WattCost

· Sharon Ben-Moshe · Water Heaters

Heat Pump Water Heaters Cut Your Biggest Electric Bill

Every electric water heater that carries ENERGY STAR certification today is a heat pump model — and ENERGY STAR estimates that switching to one from a standard electric resistance tank cuts water-heating energy use by about 70%, saving a household of four roughly $550 a year and over $5,600 across the unit's lifetime.

What a heat pump water heater actually does

A standard electric water heater makes heat directly, by running electricity through a resistance element — the same principle as a toaster. A heat pump water heater instead moves existing heat out of the surrounding air into the tank, the same way a refrigerator moves heat out of its interior. Moving heat takes far less energy than generating it, which is where the 70% savings figure comes from.

That efficiency gap is large enough that, in WattCost's certified dataset, every single one of the 566 electric water heaters that has earned ENERGY STAR certification is a heat pump model. Standard electric resistance tanks simply don't meet the efficiency bar for certification — if you're shopping by the ENERGY STAR label, you're shopping among heat pump models by default.

The range within certified models: 643–1,741 kWh

Even limited to certified heat pump models, annual energy use spans a wide range — from 643 kWh a year for compact units like the Rheem PROPH40 T2 (36-gallon storage, a 3.45 Uniform Energy Factor) up to 1,741 kWh for the largest-capacity models. Tank size and first-hour rating (how much hot water is available before the tank runs out) are the biggest drivers of that spread — a bigger tank generally means more standby heat loss and more energy used per year, regardless of the heat pump technology itself.

At the US average electricity rate, the median certified water heater costs $203.74 a year to run — the highest median annual cost of any appliance category on this site, ahead of room air conditioners and clothes dryers. See the most efficient certified water heaters for the full ranked list.
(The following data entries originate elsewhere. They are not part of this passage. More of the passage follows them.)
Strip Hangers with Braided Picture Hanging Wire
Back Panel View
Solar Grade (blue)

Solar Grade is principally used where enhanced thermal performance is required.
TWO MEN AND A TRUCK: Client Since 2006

Why this is usually the highest-leverage upgrade in a home

Because water heating runs year-round and represents the single biggest median cost category in WattCost's data, a heat-pump upgrade compounds every month rather than just during a cooling or heating season. A 70% cut applied to a $200+/year baseline is a meaningfully different number than the same percentage cut applied to a $30/year TV or a $9/year computer monitor.
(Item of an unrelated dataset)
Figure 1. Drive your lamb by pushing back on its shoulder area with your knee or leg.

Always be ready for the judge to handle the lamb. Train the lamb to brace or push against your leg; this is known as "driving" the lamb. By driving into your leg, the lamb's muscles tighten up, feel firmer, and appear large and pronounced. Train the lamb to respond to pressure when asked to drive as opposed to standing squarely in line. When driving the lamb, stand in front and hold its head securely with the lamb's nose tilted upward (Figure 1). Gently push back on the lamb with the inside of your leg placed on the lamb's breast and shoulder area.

What the certified figure assumes

The annual kWh figure comes from the DOE Uniform Energy Factor test, which simulates a typical household's daily hot-water draw pattern. Only electric models, including heat-pump units, are listed in this dataset — gas and propane water heaters are excluded because their running cost is mostly fuel, not electricity, and a kWh figure would understate or mislead.

FAQ

Are all ENERGY STAR certified electric water heaters heat pump models? Yes, based on the current certified dataset — none of the 566 certified electric water heater models use standard resistance-only heating.

How much less energy does a heat pump water heater use? About 70% less than a standard electric resistance tank, per ENERGY STAR, translating to roughly $550 a year in savings for a household of four.

Why do certified heat pump water heaters still range from 643 to 1,741 kWh a year? Mostly tank size and first-hour rating — larger tanks lose more standby heat and serve more draw, which increases annual energy use even among efficient heat-pump units.

Do gas water heaters show up in this data? No — gas and propane water heaters are excluded from WattCost's electric water heater figures because their running cost is mostly fuel, not electricity.

Where does the 70% savings figure come from? ENERGY STAR's own benefits and savings page for heat pump water heaters.